Before Zaran can mention a word, Cheetah, Jr. chimes
in, “How about fetid or funky?”
“Hey not bad.
Where’d you come up with that?”
Cheetah, Jr. pulls out a dictionary from his
weapons pack. “I always carry around
one of these.”
“But you didn’t have it out when you mentioned
those words?” Machete’ says.
“Well I don’t need to pull it out, I’ve been
reading it regularly at night.”
“You’re reading a dictionary?”
“I have to learn things somehow.”
Machete’ turns around in his seat and looks
Cheetah, Jr. right in the face. “I’m
going to buy you a real book.”
“No smut, Machete’,” Zaran growls.
The three chimpanzees scowl at Zaran and say, “Ok,
mom!”
“Well that would help them learn some things, but
I was going to give them a good book.
I’ll have to look through the novels at our next stop.” Machete’ sits down thinking.
“Bongo, why do you guys even need a
dictionary?” Zaran glances back at the
gigantic simians.
“Villains need good dialogue. You can’t be very impressive or scary with
bad grammar.”
“Good point, but you’re no longer villains, so do
you still need the dictionary?” Zaran asks.
“Sure do!
It may be even more important now!
I mean we have to be able to understand the villains we fight,
right?” Bongo looks to the other chimps
for support and they both nod their heads.
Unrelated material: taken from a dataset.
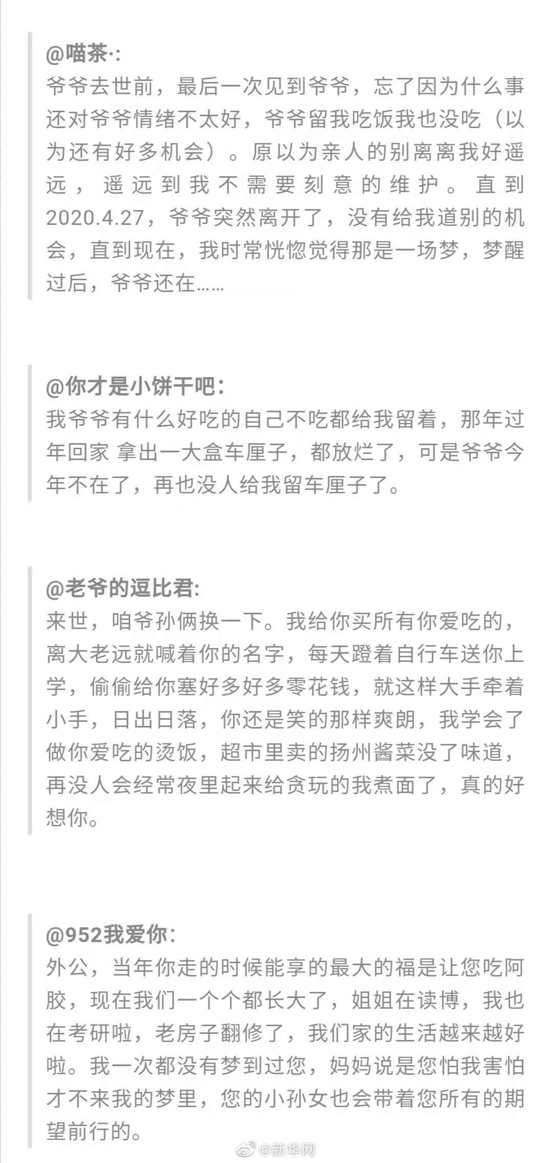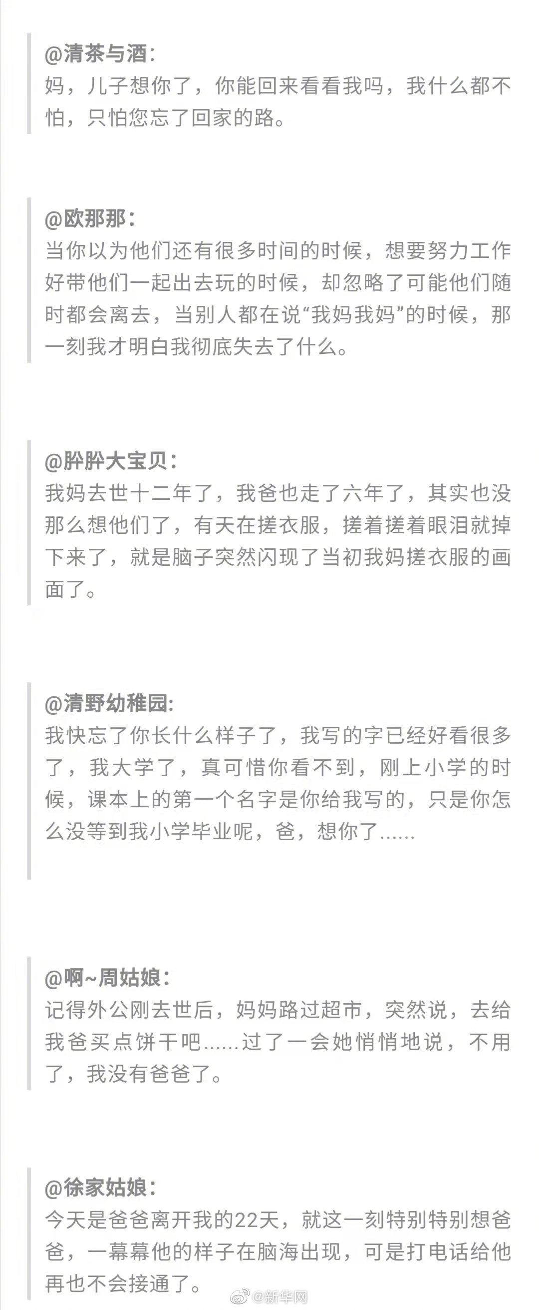 “我想你了”,这是今天最想说的话。你在思念谁?你想说些什么?来给我们留言吧,今天,我们做你们的树洞。愿花飨逝者,春暖斯人。

Bonzo, Jr. says, “We don’t want to be befuddled by
some horrid blackguard.”
“Oooh, that was good. You’re right, getting bedazzled by some scamp isn’t the way to go
about fighting crime.” Zaran nods.
“Don’t forget part of any villains plan is to
bewilder and discombobulate the opposition.”
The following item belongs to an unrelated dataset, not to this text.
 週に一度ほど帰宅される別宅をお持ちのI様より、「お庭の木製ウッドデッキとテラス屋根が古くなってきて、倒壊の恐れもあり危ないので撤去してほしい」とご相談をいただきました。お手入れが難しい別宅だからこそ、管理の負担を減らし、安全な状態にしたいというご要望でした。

Cheetah, Jr. says. Everyone in
the car nods their head.
“Yeah, getting bumfuzzled could lead to a snafu in
combat,” Bongo says.
“Is bumfuzzled a word?” Machete’ asks.
“I think so.”
Bongo turns to Cheetah, Jr., “Can you look that up?”
“Sure can.
Just let me look up snafu.”
“You don’t know the word snafu, but you know
bewilder and discombobulate?” Machete’
continues to pet the dog in his lap as he turns to give Cheetah, Jr. a strange
look.
“Give me a break, I’m only up to H in this
thing.” Cheetah, Jr. continues to turn
the pages. “I can’t find snafu. How do you spell it… Oh wait! There is it. Who knew it ended in a U and not OO.”
He reads
the definition and passes the book to the other chimps and then Bongo looks for
Bumfuzzle. “Guys, I can’t find
bumfuzzle in the dictionary, but it’s in the thesaurus under confuse. Now I’m bewildered, befuddled, and bumfuzzled,
if that’s a real word.”
“So can that dictionary help us find a name for
our group?” Zaran asks.
“Maybe we should call our team the Bumfuzzlers!”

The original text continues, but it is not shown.